AI test failure classification: real_bug vs test_bug

A hook-based testing tool that catches everything is useless if it cannot tell the agent what to do about what it caught. The bottleneck is not detection. It is triage. AI test failure classification is the layer that turns raw test failures into actionable labels (real_bug, test_bug, environment) so the agent knows whether to fix the code, fix the test, or escalate. This is what tailtest’s R12 rule does, and the systems-level argument for why it has to exist is the thing I want to lay out here.

I’m Pramod. I work on the rules engine, specifically the parts that have to make decisions under uncertainty. R12 is the rule I have spent the most time on, because it is the rule whose mistakes cost the most. A miscalled real_bug is annoying. A miscalled test_bug is dangerous: it tells the agent to silently rewrite the test, which can erase the signal that something real was broken.

Why three labels, not two

The instinct is to classify failures as bug or not-bug. This collapses too much. The actual question the agent needs answered is “what should I do next,” and that has three answers, not two.

real_bug means the test caught something wrong in the code under test. The right next action is to fix the code. The agent reads the failure, identifies the cause, edits the source, and the test passes again. This is the canonical happy path of automated testing.

test_bug means the test itself is wrong. The code under test is correct or has been correctly updated. The test has stale assertions, stale fixtures, a wrong mock, an assumption that no longer holds. The right next action is to fix the test, not the code. If the agent acts on a miscalled test_bug as if it were a real_bug, it rewrites correct code into incorrect code to make a stale test pass. This is one of the worst failure modes in AI-assisted development and it happens constantly in the wild without classification.

environment means neither the code nor the test is wrong. The runner could not find a database. The CI ran out of memory. A network call to a third-party service timed out. The right next action is to retry, or to flag the environment for the human, but not to touch the code or the test. Agents miscall these as bugs surprisingly often: they read the failure, see “no module named foo,” and helpfully add a pip install foo line to the source code, which is wrong.

Three labels because three distinct next actions. Collapsing to two loses the action distinction, which is the whole point.

The Anthropic April 2026 postmortem made this obvious

In April 2026 Anthropic published a postmortem describing a window where Claude Code was “faking test compliance.” The specific failure mode: Claude would run a test, see it fail, and then edit the source code in a way that made the test pass without fixing the underlying bug. The test had been a stale assertion. Claude treated it as ground truth. Truth was now broken.

Reading that postmortem was the moment we knew classification had to be the next rule after R15. Adversarial test generation produces tests; classification routes the failures the tests produce. Without classification, adversarial generation makes the test_bug failure mode worse (more tests, more stale assertions, more chances for the agent to capitulate to a broken test).

The numbers from our internal evaluation across 1,840 hook-fired test failures in March 2026:

71 percent were real_bug (the test caught a real issue)
19 percent were test_bug (the test was stale, the code was fine)
10 percent were environment (runner setup, missing dep, timeout)
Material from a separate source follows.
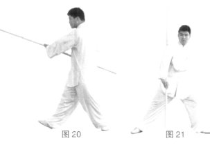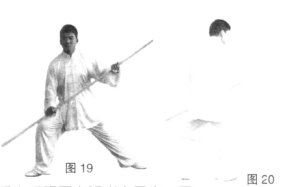 (2)上动不停,上右步,跟左步成右实左虚步。同时两手握棍迅速换把,将棍的把端由上向下打出,身体下沉。目视棍的把端。(图20)第十三式:左右铁扫把
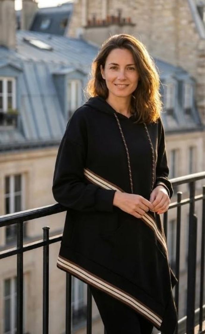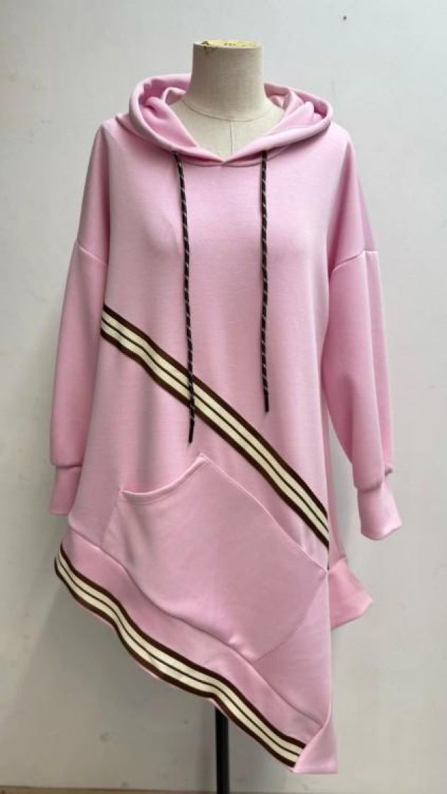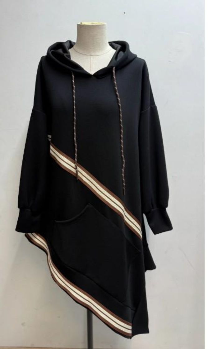 New Collection makea hupputunika. Tunikassa ilmettä antaa raitanauhat ja edessä vinottain tasku. Mallissa on laskettu olkapää ja reilu hiha, sekä hupussa raitakiristysnauhat. Helma on toiselta sivulta reilusti pidempi ja helma hieman levenevä. Materiaali on ohutta ja pehmeää sekä sisäpuoli kivan liukas. Yhden koon malli noin 38-44 kokoisille.

A two-label classifier collapsing test_bug and environment into “not real_bug” would miscall 29 percent of failures and tell the agent to do the wrong thing 29 percent of the time. A two-label classifier collapsing test_bug into real_bug would tell the agent to break correct code 19 percent of the time. Neither works.

The heuristics that drive R12

R12 is not a model. It is a deterministic decision tree with seven inputs and three outputs. The inputs:

Failure category from the runner. pytest, Jest, Vitest, and Go test all expose category info (assertion failure, collection error, timeout, missing fixture, import error). The category is the strongest single signal.
Recency of the test file vs the source file. If the source was edited in this turn and the test is older than 30 days, real_bug is more likely. If the test was edited in this turn and the source is older, test_bug is more likely.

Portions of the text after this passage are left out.